If any tenant leaves an I.P.N. apartment, that unit will go to market-rate rent. However, under the agreement, blood relatives and registered domestic partners already living in an apartment for the previous two years will be able to inherit the apartment at the agreed rents.

“This agreement is permanent and doesn’t end as long as you’re in I.P.N.,” said Fabricant to another burst of applause. Gluck has also agreed to make long-needed physical improvements in the complex without imposing rent increase for major capital improvements, Fabricant said.

The big uncertainty is the future of sticky vouchers. The Bush administration’s proposed budget for next year would restructure the entire federal housing subsidy system. While a spokesperson for HUD said last month that the proposed new system would cover as many tenants as the present one, critics say the new system would cover far fewer people over the next nine years.

Fabricant said on Thursday that he has been warning I.P.N. tenants for three years that federal housing subsidies are never a sure thing. But he recalled that former H.P.D. Commissioner Jerilyn Perine testified before the City Council in October that the vouchers would be available for eligible tenants. “Both H.P.D. and HUD came to a tenant meeting last month with Gluck’s lawyers to explain the vouchers,” Fabricant said. “They said that some kind of voucher system has been in place for 30 years and told us not to worry,” he added.

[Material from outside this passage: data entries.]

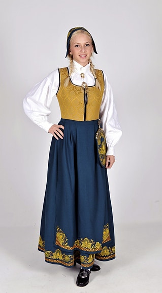 Komplett Vestfold damebunad med skjorte og veske. Sølv kommer i tilegg. Skreddersydd til din figur.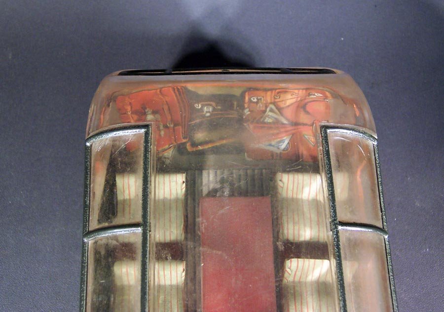 Der Aufzugmechanismus funktioniert. Die Feder spannt sich und die Räder drehen sich. Das wird über die zwei Hebel am Heck ausgelöst.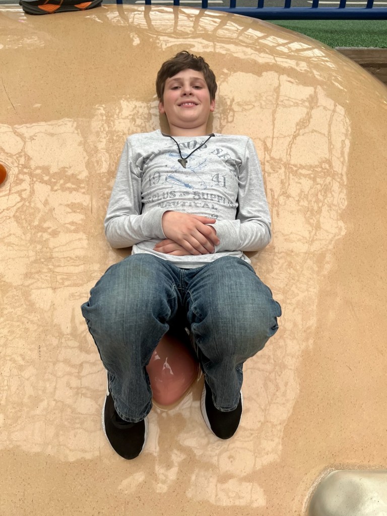 Blake and I took the elevator back down to the park and the kids took the escalator and got to the park before us and immediately played in the slime play area until we got there (1 minute later).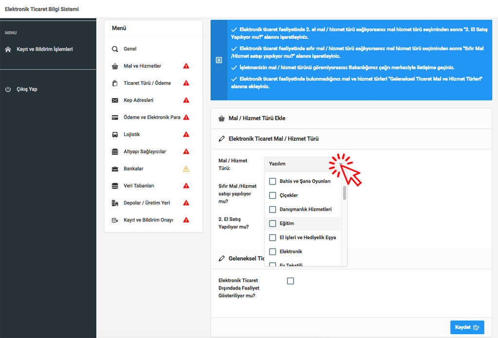 Açılan ekranda Yeni Kayıt Ekle butonuna basıp, Mal ve Hizmetler alanının yanındaki açılır menüden ana faaliyet alanlarınızı işaretleyin. Altında yeni veya 2. el ürün / hizmet satışı yapıp yapmadığınız ilgili kutucukları işaretleyerek belirleyin.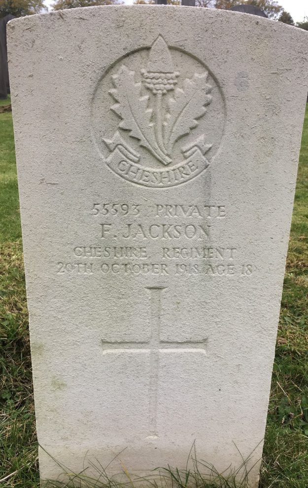 20/10/1918 Private Frank Jackson (Age 18) 53rd Bn. Sale Cemetery, Cheshire United Kingdom. ‘55593’ Son of James and Alice Jackson, of 4, North View, Broad Rd., Sale. (pic from findagrave.com – with thanks)

Nevertheless, Fabricant told the March 8 meeting that the next lobbying effort will be to get the city and state to support the vouchers if the federal subsidy lapses.

I.P.N. board members and tenants on Monday hailed the deal but there was still some anxiety.

“I guess vouchers are really a catch 22,” one tenant said during the open question and comment period on Monday, worried about the future of the program.

“I hate to be a hazer, but for tenants who pay a surcharge now, will the base rent include the surcharge,” asked another tenant using the Yiddish word for pig. The answer was yes.

Although board members declared the deal “unprecedented,” other former Mitchell-Lama projects established a pattern. Heywood Tower tenants on the Upper West Side at Amsterdam Ave. and 91st St., a 188-unit residential building that left the program last year, have a similar agreement with their landlord, Seavey Organization. Glen Gardens, a development on 87th St. and Amsterdam Ave., which also left the program, also has a similar agreement.

Tenants at Land’s End 1, a 251-unit Mitchell-Lama rental building on Clinton St. on the Lower East Side, are negotiating with their landlord, Starrett Corp., who plans to leave the Mitchell-Lama program. Lands End 1 tenants are also counting on sticky vouchers to subsidize rents.

But tenants at West Village Houses, the complex of 42 low-rise buildings with 420 apartments, have a tougher problem. They too are talking to their landlord who intends to leave the program, but according to Katy Bordonaro, a tenant leader, the complex was completed before 1974 and therefore not eligible for sticky vouchers.